Universal Usability, Accessibility, Universal Design, Disability


Universal usability probably has as many definitions as there are people talking about it.  The definition used in this paper is:

A focus on designing products so that they are usable by the widest range of people operating in the widest range of situations as is commercially practical.

As one might imagine, there are no universally usable products.  There simply is too great a range of human abilities and too great a range of situations or limitations that an individual may find themselves in.  Thus, universal usability is more a function of keeping all of the people and all of the situations in mind and trying to create a product which is as flexible as commercially practical, so that it can accommodate the different users and situations.  It is important to note that universal usability does not refer to usability by people with disabilities.  Although disability is one type of limitation or variation in human performance which universal usability attempts to address, it is not the only type.  In fact, for every type of disability there are situational constraints which would provide the same requirements.  For example:


There are a number of factors that have led to the recent interest in universal usability.  The two primary driving forces have been disability access and mobile computing.  Recent laws have mandated that some products be made more accessible for people with disabilities.  Section 255 of the Telecommunication Act requires manufacturers of telecommunication products and services to make their products accessible to people with disabilities where it is "readily achievable." Section 508 of the Rehabilitation Act requires the federal government to show preference when purchasing electronic and information technologies toward those that  are accessible to people with disabilities where it is not an "undue burden," thus making accessibility commercially advantageous.

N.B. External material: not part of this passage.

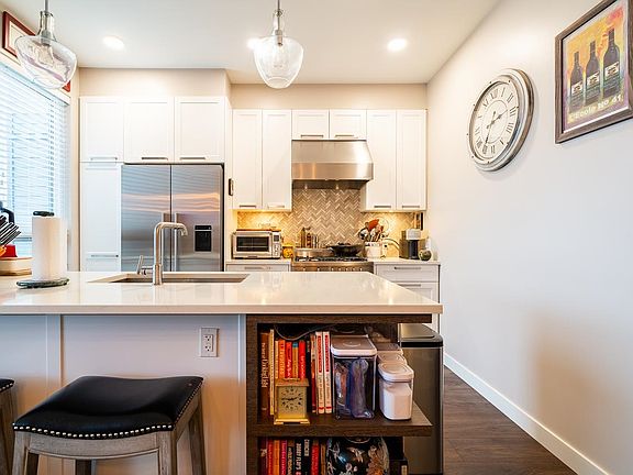 A luxury unit in the sought after building " The Residences at Gateway". This immaculate unit features 1 bedroom plus a flex room perfect for a home office. Boasting modern lighting and designer finishes throughout. The gourmet kitchen offers quartz countertops, a marble backsplash, Fisher Paykel fridge, Bertazzoni gas stove, Bosh dishwasher & convection oven plus a built in pantry. The master bedroom features a fully customized walk in closet and a spa-like ensuite, heated flooring & an additional upgraded shower head. Enjoy gorgeous views on your private patio upgraded with full patio screens. Includes 1 storage locker and 1 parking space. Lightly used as a seasonal residence. Furniture is also available for purchase. Complete with upgrades valued at $20,000, this unit won't last!

In addition to government action, the rapid increase in numbers of individuals who are older is also starting to provide a market "pull" toward more accessible products.  As can be seen from Figure 1, functional limitations increase sharply as we age.  Figure 2 shows that a large percentage of these limitations deal with vision, hearing and physical abilities, which can directly affect product usability and which can be affected by product design.

Another major force has been the rise of mobile computing, which has resulted in the need to design products that are usable in a very wide range of environments and circumstances.  It is also resulting in information systems that are being accessed  by people using a very wide range of technologies, from audio-only phones to small resolution displays to high speed, high resolution workstations. 

Functional Limitation as a Function of Age. [D]

Figure 1

Prevalence of Selected Impairments within Age Groups [D]

Figure 2


In looking at accessibility/usability features, it is important to prioritize because of the multi-dimensional nature of disability (vision, hearing, physical, cognitive) and the large number of individual design techniques or strategies which might be implemented for each dimension.  We recently analyzed a number of design strategy collections and identified between 200-300 different strategies for making products more accessible to people with disabilities (and this does not include the large number of different strategies documented in general usability literature).  Without a means to prioritize, two behaviors have been observed in our interactions with industry.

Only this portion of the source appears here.